Sejarah Drummond menunjukkan konsistensi dalam perannya sebagai rebounder dan defender tangguh. Penambahan elemen baru ini bukan menggantikan peran utamanya, melainkan melengkapinya. Ia tidak perlu menjadi penembak tiga angka terbaik, cukup menjadi ancaman yang kredibel yang bisa dimanfaatkan.
Kemampuan Drummond untuk mengeksekusi tembakan tiga angka di momen krusial juga menunjukkan perkembangan mentalnya. Percaya diri untuk mengambil tembakan tersebut, terutama ketika skor ketat dan tekanan tinggi, adalah tanda kedewasaan dan kepercayaan diri yang telah terbangun.
Meskipun banyak pemain mungkin menganggap remeh potensi tembakan tiga angka dari center seperti Drummond, statistik membuktikan sebaliknya.

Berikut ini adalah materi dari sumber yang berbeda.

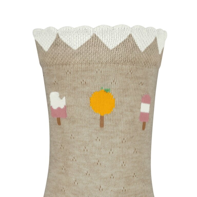 • przy tych uroczych skarpetkach dziecięcych z przyjemnej dla skóry, zrównoważonej bawełny, radość z lata jest naprawdę odczuwalna: Z boku umieszczone są motywy pysznych lodów, które uzupełniają delikatną, kobiecą strukturą siateczkową w podstawie skarpetek

Ia telah membuktikan bahwa dengan kesempatan dan kerja keras, bahkan elemen permainan yang paling tidak terduga pun bisa menjadi senjata mematikan.
Transformasi Drummond menjadi ancaman tiga angka adalah pengingat bahwa permainan bola basket selalu berkembang. Pemain yang paling sukses adalah mereka yang mampu beradaptasi dan menambahkan elemen baru ke dalam permainan mereka, tidak peduli seberapa tidak terduga elemen tersebut.
Dengan playoff di depan mata, kehadiran Drummond sebagai ancaman tiga angka yang kredibel bisa menjadi faktor kejutan yang berharga bagi Sixers. Lawan yang hanya fokus pada kekuatan tradisional Sixers di area kunci mungkin akan terkejut dengan kemampuan tambahan yang ia bawa ke lapangan.
Pada akhirnya, Drummond telah membuktikan bahwa batasan dalam permainan bola basket seringkali hanyalah persepsi. Dengan dedikasi dan kecerdasan taktis, bahkan pemain yang paling tidak mungkin pun bisa menemukan cara untuk memberikan kontribusi yang signifikan dan mengejutkan, mengubah arah permainan dan bahkan karier mereka.